This arrangement also reduces the temperature at the inlet to the
heat exchanger 66 and the outlet of the combustor 52. The ejector
414 is used as a means for recycling exhaust gases from the
combustor 52 back to the combustor 52 using the portion of oxidant
supplied by the compressor 24.
[0055] The solid oxide fuel cell system 410 in FIG. 5 does not have
an electrical generator driven by the gas turbine engine but it is
equally possible for the gas turbine engine to be provided with an
electrical generator.
[0056] An additional solid oxide fuel cell system 510 according to
the present invention is shown in FIG. 6 and the solid oxide fuel
cell system 510 comprises a solid oxide fuel cell stack 12 and a
gas turbine engine 14. The solid oxide fuel cell system 510 is
substantially the same as the solid oxide fuel cell system 10 shown
in FIG. 1, and like parts are denoted by like numerals.
[0057] The solid oxide fuel cell system 510 differs to the solid
oxide fuel cell system 10 in that the compressor 24 is arranged to
supply a portion of the oxidant to the first inlet 68 of the heat
exchanger 66, the heat exchanger 66 is arranged to supply a portion
of the combustor 52 exhaust gases from the first outlet 72 of the
heat exchanger 66 to the combustor 56 and the combustor 52 is
arranged to supply the exhaust gases to the first inlet 68 of the
heat exchanger 66. In more detail a portion of the oxidant flowing
through the first portion 40A of the duct 40 from the compressor 24
is supplied to a duct 512. The duct 512 supplies the portion of
oxidant to the primary inlet of an ejector 514. The portion of the
exhaust gases leaving the first outlet 72 of the heat exchanger 66
is supplied through a duct 516 to the combustor 52. The combustor
52 is arranged to supply exhaust gases to the secondary inlet of
the ejector 514 through a duct 518. The outlet of the ejector 514
is arranged to supply the portion of the oxidant from the
compressor 24 and the exhaust gases from the combustor 52 to the
first inlet 68 of the heat exchanger 66 through a duct 520. In the
solid oxide fuel cell system 510 the unused oxidant collection
manifold 56 is directly connected through ducts 58 and 62 to the
combustor 52 to supply a second portion of the unused oxidant to
the combustor 52. This arrangement also reduces the temperature at
the inlet to the heat exchanger 66 and the outlet of the combustor
52. The ejector 514 is used as a means for recycling exhaust gases
from the combustor 52 back to the combustor 52 using the portion of
oxidant supplied by the compressor 24. As in FIG. 1 the unused
collection manifold 56 is directly connected to the second inlet of
the oxidant ejector 60 to supply, recirculate, a first portion of
the unused oxidant back to the oxidant manifold 36. The solid oxide
fuel cell system 510 in FIG. 6 also has an electrical generator 27
driven by the gas turbine engine 14.
[0058] It is to be noted that in FIGS. 2, 4, 5 and 6 the combustor,
the heat exchanger and the ejector are arranged in a loop connected
by ducts such that a portion of the combustor exhaust gases are
recycled back to the combustor through the heat exchanger.

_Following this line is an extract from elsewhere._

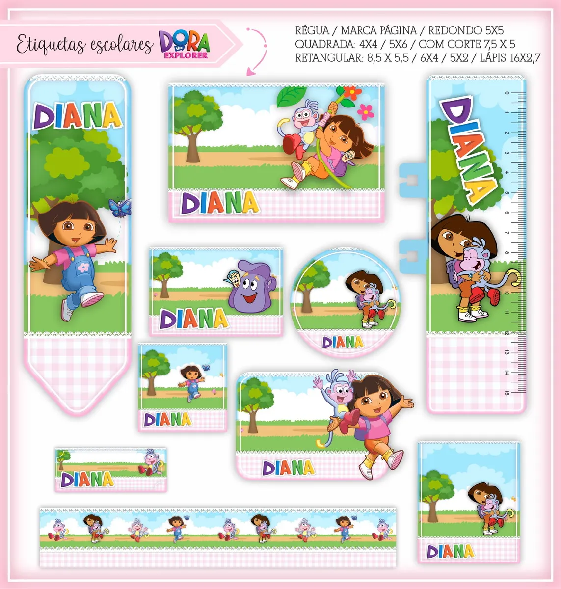 Arquivo de Corte Etiqueta Escolar Dora. Ideal para o início do ano letivo, aniversários, eventos escolares ou para facilitar a identificação de materiais de uso coletivo,

It is to
be noted that in FIG. 3 the heat exchanger and the ejector are
arranged in a loop connected by ducts such that a portion of the
combustor exhaust gases supplied from the combustor are recycled
back to the heat exchanger.
[0059] The ejector 114, 214, 314, 414 or 514 in FIGS. 2, 3, 4, 5
and 6 may be replaced by a fan, a blower, a pump or a
turbomachine.
[0060] The figures have shown the use of an ejector to recirculate
unused fuel from the fuel collection manifold back to the fuel
manifold, however, it may be possible to arrange any of these solid
oxide fuel cell systems such that there is no recirculating of
unused fuel from the fuel collection manifold back to the fuel
manifold.
[0061] Although the present invention has been described with
reference to a single shaft gas turbine engine it is equally
possible to use a multi-shaft gas turbine engine, e.g. a gas
turbine engine comprising a low pressure compressor, a high
pressure compressor, a high pressure turbine and a low pressure
turbine and the low pressure turbine is arranged to drive the low
pressure compressor via a first shaft and the high pressure turbine
arranged to drive the high pressure compressor via a second
shaft.
[0062] It may be possible to provide a solid oxide fuel cell system
comprising a single solid oxide fuel cell stack having a combustor,
oxidant ejector, fuel ejector and heat exchanger and in several
embodiments a third ejector, but the solid oxide fuel cell stacks
share a single gas turbine engine as mentioned above. It may also
be possible to provide a solid oxide fuel cell system comprising a
plurality of solid oxide fuel cell stacks and each solid oxide fuel
cell stack has its own combustor, oxidant ejector, fuel ejector and
heat exchanger and in several embodiments a third ejector, but the
solid oxide fuel cell stacks share a single gas turbine engine. The
latter arrangement allows each solid oxide fuel cell stack to be
individually electrically isolated and the fuel to each solid oxide
fuel cell stack to be individually isolated to improve the solid
oxide fuel cell system reliability. The latter arrangement reduces
the need for connecting ducts and associated thermal expansion
problems. The latter arrangement produces higher pressure drops in
the ejectors providing improved fuel and oxidant distribution in
each solid oxide fuel cell stack.
* * * * *